The one novel of Goodis's that Gifford would recommend wholeheartedly is Nightfall (1947); his favorite. Again from O'Brien: "During the Hollywood years, Goodis lived in the L.A. home of a lawyer friend … renting not a room but a tiny uncomfortable sofa for $4 a week. At a time when, as a movie writer, he could have lived well, Goodis apparently refused to spend money on anything. Not out of miserliness but from a sheer perversity, which also led him to drive the same dented Chrysler convertible virtually his whole adult life; a car so miserable that his friends refused to be seen in it. His clothing, as his [lawyer friend] recounts was equally grotesque: 'He wore my old suits and—when they were worn out—he had them dyed blue. Apparently, his whole wardrobe was blue. One day he invited me to eat at the Warner commissary, Dan Duryea was there, and Dave was wearing one of my white suits, which was all yellowed and stained. Duryea asked him where he had dug up the suit and David replied coldly that he had bought it at Gordon's, one of the best tailors in Philadelphia.
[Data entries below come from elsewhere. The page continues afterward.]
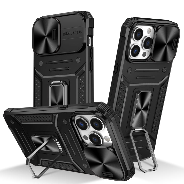 Estuche para Teléfono iPhone 13 Pro Sliding Camshield TPU + PC Prueba de Golpes con Soporte (Negro)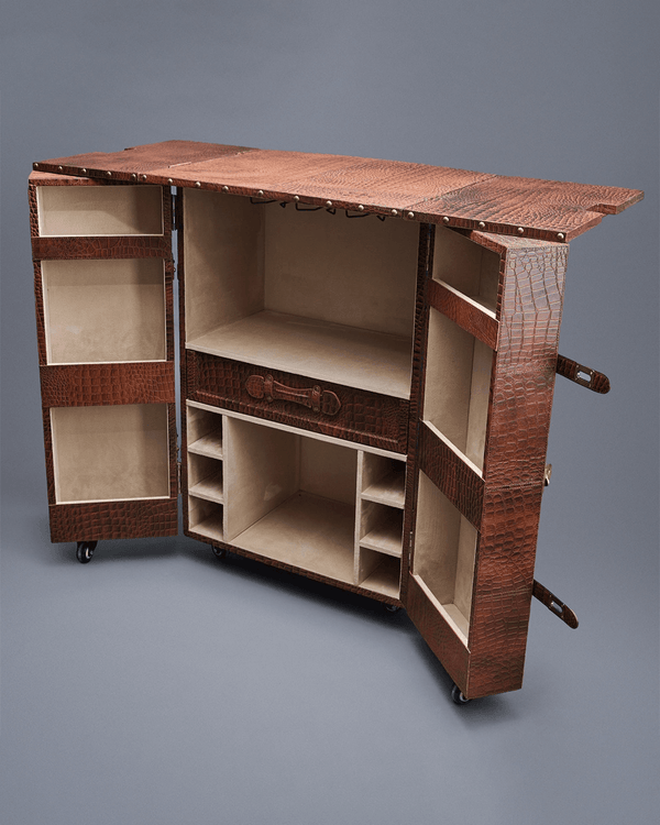 Panama is a medium-sized bar cabinet that expands into a spacious flat top to provide extra space when mixing drinks. Its multiple interior sections and antique metal detailing add to its functionality and charm. With easy mobility and a compact design, this bar cabinet fits seamlessly into any space.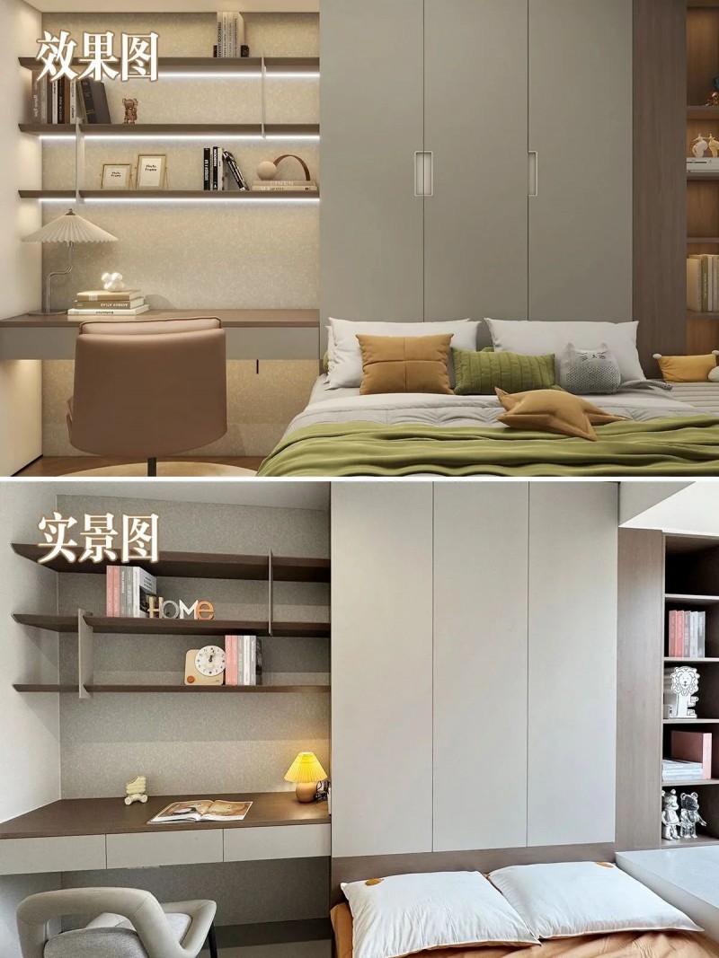 榻榻米、衣柜、书桌一体化设计,将休息、收纳与学习完美融合,记录着孩子成长过程中每一个梦想的萌芽。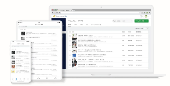 クラウド型のマニュアル作成・共有システム「Teachme Biz(ティーチミー・ビズ)」は、企業のマニュアルの作成、管理を効率化することで、生産性を大きく向上させるソリューションです。手順書の作成時間を大幅に削減するだけでなく、人材育成効率化や顧客満足度の向上など、様々な成果が報告されています。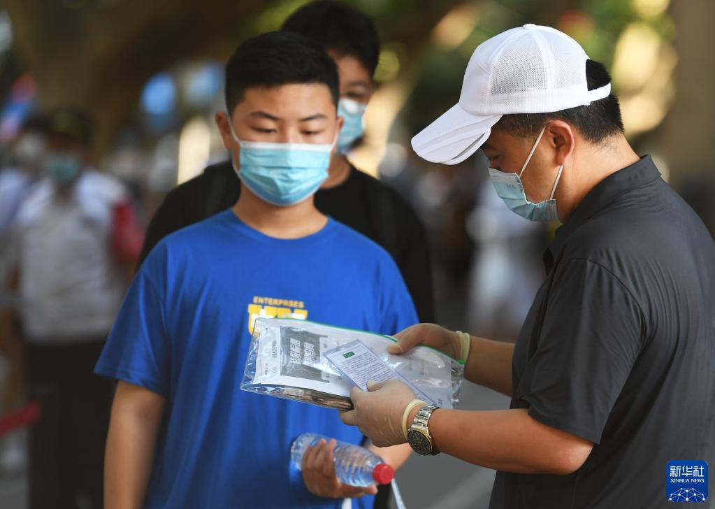 6月22日,在河南省郑州市第八中学考点,工作人员(右)检查考生证件。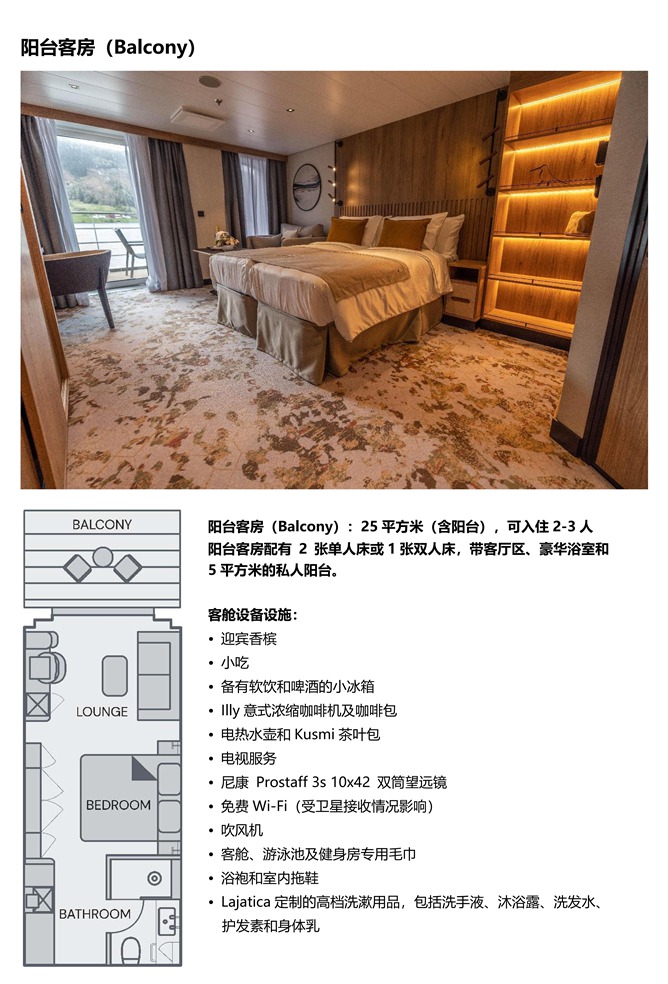 阳台客房 Balcony 五楼 25 ㎡ (含阳台 5 ㎡) 143800元/人 早鸟优惠价:138800元/人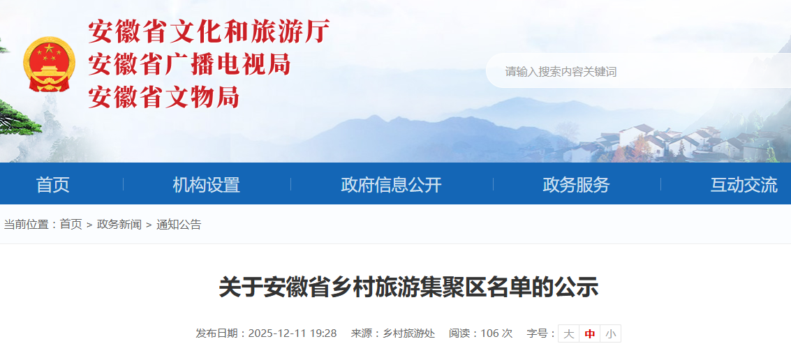 为深入推进乡村振兴战略,推动乡村旅游高质量发展,贯彻落实《关于推动文化和旅游深度融合发展全域旅游把文化旅游业打造成为支柱产业的意见》《安徽省实施精品示范工程 打造“皖美休闲旅游乡村”行动方案》等部署要求,经各市申报、专家评审、现场答辩和综合评议,现将安徽省乡村旅游集聚区名单公示如下(见附件)。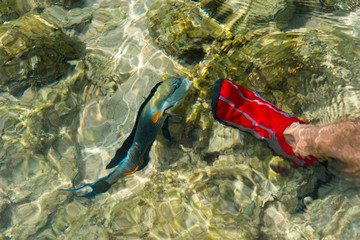 Male feet in red aqua shoes near swims surgeon fish between reef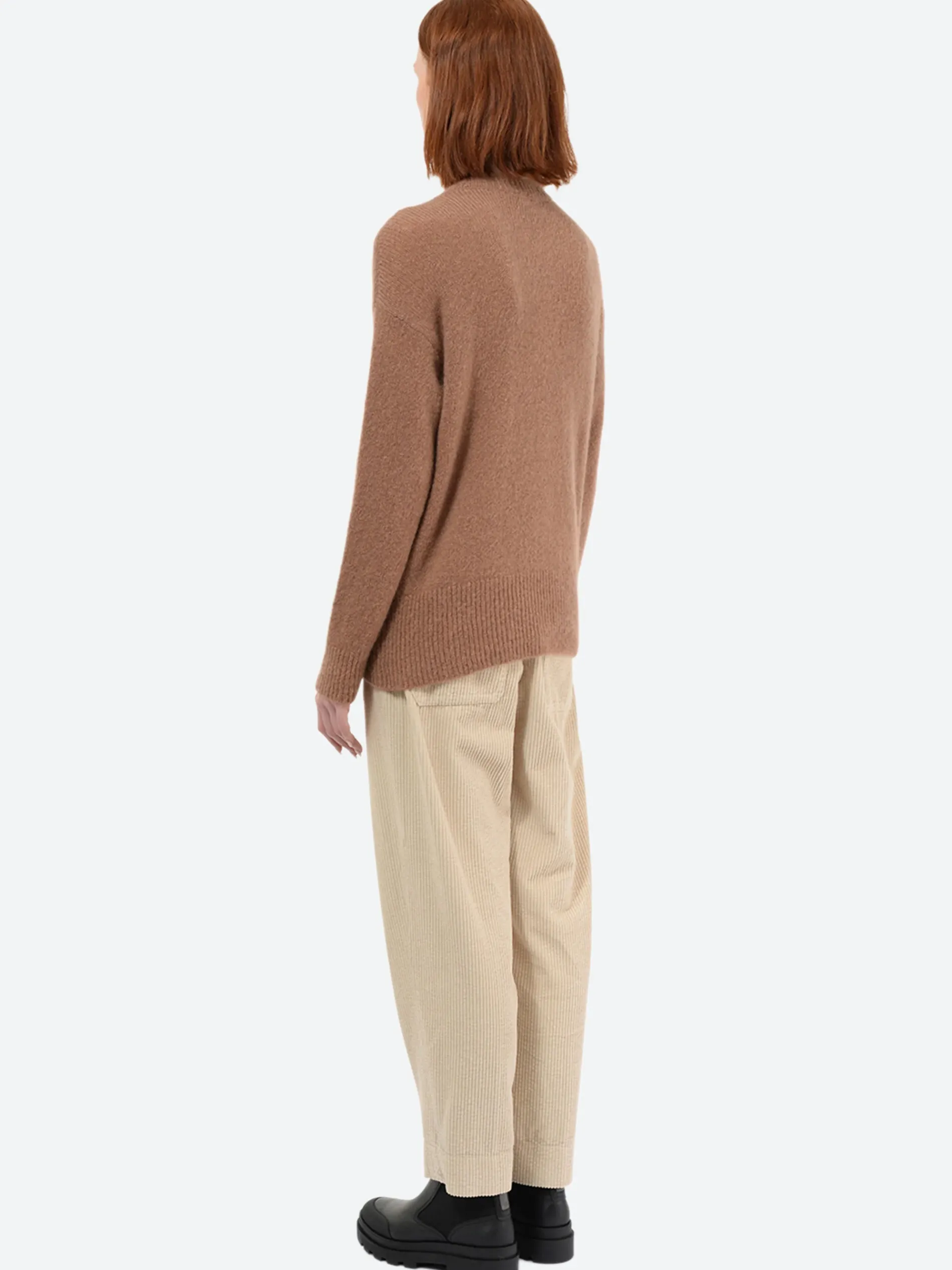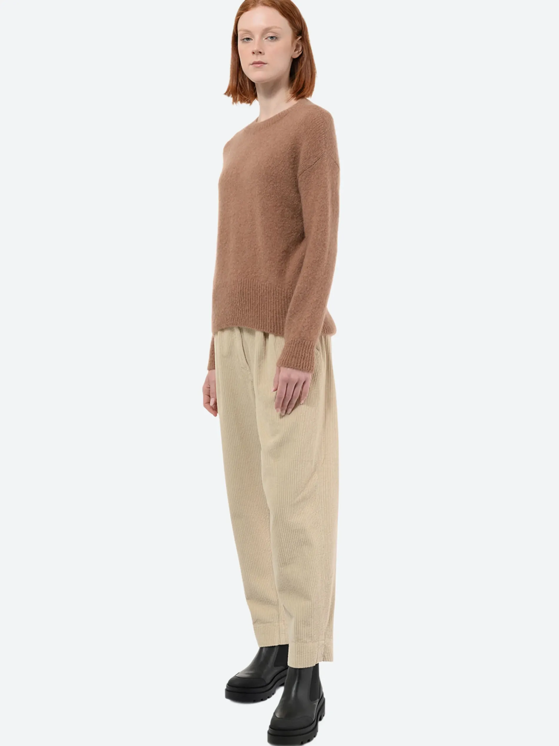 Pomandere crew neck in mohair, stockinette stitch t.3. Slightly dropped shoulders, rib knitted at the bottom of the bust.

When Duryea remarked that the suit wasn't even ironed, David gave him a pitying glance and explained that that was how it was meant to be worn. He also had an old bathrobe of mine. He went out at night in it. When he wore it, he pretended to be a white Russian, an exiled prince of the blood.' Goodis would borrow labels from his friend's finest clothes and laboriously sew them into his own wretched hand-me-downs, all for the peculiar pleasure of stopping people short when they criticized his clothing."
Gifford admitted pleasure in re-reading Geoffrey O'Brien's introduction because it clearly essayed that Goodis was nuts. There's no question that he was absolutely crazy. Continuing to crib from O'Brien's intro: "A central law of Goodis's fiction is that happiness is forbidden, all true love remains unconsummated, all petty criminals—a breed with whom the author identifies—are caught ignominiously, all proud old men are humiliated, all virgins are molested."
In contrast to Steve Seid's enthusiasm for Moon in the Gutter, Gifford countered the movie was so terrible that true cinephiles like Seid find it wonderful. Gifford worked with the film's lead actor Gérard Depardieu on City of Ghosts, which Matt Dillon directed, and asked him at the time about Moon in the Gutter. Depardieu had just undergone a quintuple bypass surgery, arrived in Cambodia to film City of Ghosts and—when Gifford asked him about Moon in the Gutter—Depardieu clutched his heart and said, "Please! Don't ask me about that; I'll have another heart attack!" Gifford refrained from saying anything further on the film because he didn't want to disabuse Seid of his opinions and didn't want to cost him his job at PFA.
Gifford finished up his intro with one final quote from O'Brien: "That such testaments of deprivation and anxiety could sustain the career of a paperback novelist is today cause for wonderment. Nothing so downbeat, so wedded to reiterations of personal and social failure could be likely to find a mass market publisher at present. The absolutely personal voice of David Goodis seems almost to have escaped by accident. It emanated from the heart of an efficient entertainment industry, startlingly, like the wailing of an outcast."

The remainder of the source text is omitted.